My story is not quite a travel memoir and not quite a grief memoir. It’s something in between, and it’s different because it’s mine.

It was devastating to witness the degeneration of my mom — as each day moved forward, she was erased a little more — but it was also transformative for me.  Watching her die helped me learn how to live. I didn’t want to put things off anymore. I had to see the world, love radically, and collect memories. And in the process, I wanted to honor my mom by living out her dreams.

So I spent one year backpacking to 18 countries around the world, hiking the Inca Trail to Machu Picchu, whitewater rafting down the Nile, praying at an ashram in India, tending to abused elephants in Thailand, volunteering at a monkey park in the jungles of Bolivia, fleeing the Arab Spring in Egypt. My trip was made mostly solo, and it involved quitting my longtime journalism career, losing all sense of security, and leaving my newlywed husband in California for the first year of our marriage. It also meant rediscovering home and what it means to be part of a family.

 

How does your writing process work?

I don’t have a process anymore. In the two months since Everest arrived, all red-faced and hollering, I’ve felt the itch to write but I haven’t had much luck actually doing it. Some of it is a time issue, since this kid is super needy and refuses to pull his own weight around here — but mostly I can’t string together coherent thoughts anymore. My brain is blurry, and my hormones are pinging around like crazy.

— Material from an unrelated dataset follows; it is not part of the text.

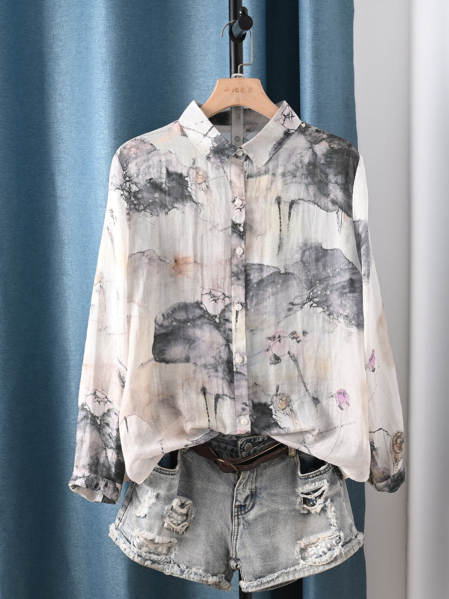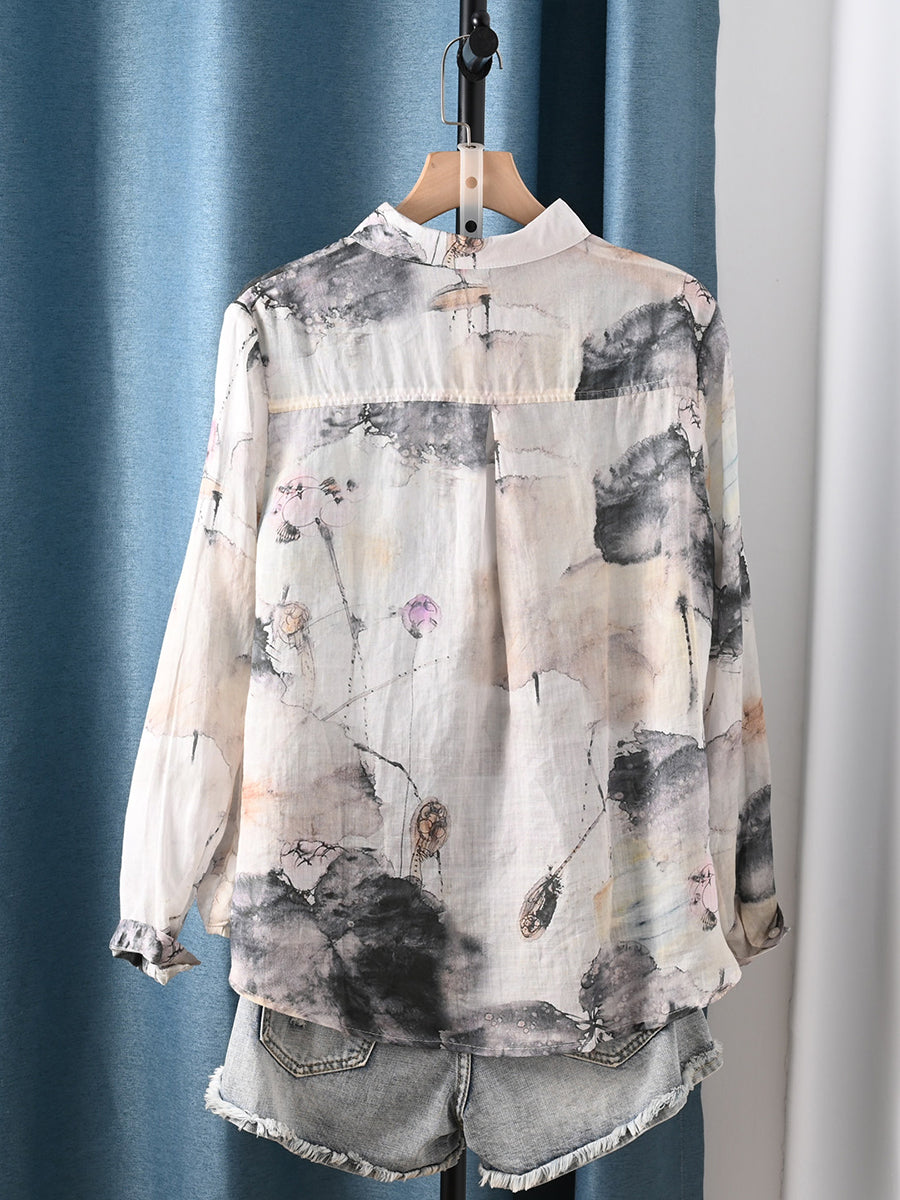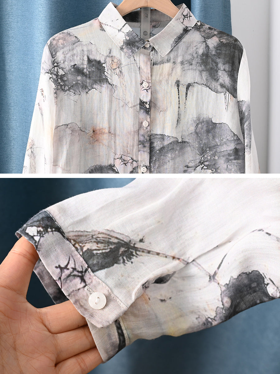 Women Spring Ink Painting 100%Ramie Shirt

So I’ve been keeping notes, lists and snippets of things on my iPhone, things to tackle later when the mom fog dissipates and my body returns to normal.

Also he is loud. Have I mentioned that? It’s hard to write when your ear drums are shattered.

Some days are hard.

Yep.

 

At first I felt guilty about not writing. Then I remembered an amazing conversation I had with Attica Locke, back when I was eleventy months pregnant and about to pop. She said to put the work on a shelf. Let it sit there for a few months, maybe more. Focus on taking care of my baby and taking care of myself. “The work will wait,” she said. “The baby won’t.”

So that’s where I reside now. I can only handle one thing at a time that is demanding to be fed. Right now it’s a human. Eventually it’ll be my book.

 

Continuing the blog tour: I tag Heather Scott Partington and Leigh Raper, both incredible writers and friends from my MFA program.

About Heather: Heather Scott Partington was raised in California’s central valley. She teaches high school English and lives in Elk Grove, California, with her husband and two kids. Her writing has appeared at The Rumpus, Bookslut, The Nervous Breakdown and the Los Angeles Review of Books. Heather holds an MFA in fiction from UC Riverside’s Palm Desert Campus.

About Leigh: Leigh Raper writes both fiction and non-fiction and sometimes posts on her blog about pop culture at leighraper.com. Her work has appeared at Spilt Infinitive and in the Best of Spilt Anthology and on The Coachella Review blog. She is slightly obsessed with television, rocks out to classic ’80s hair metal, and plays fetch with a wicked smart Labrador Retriever. She lives in the hamlet of Palisades, NY, on a rural postal route 12 miles north of New York City.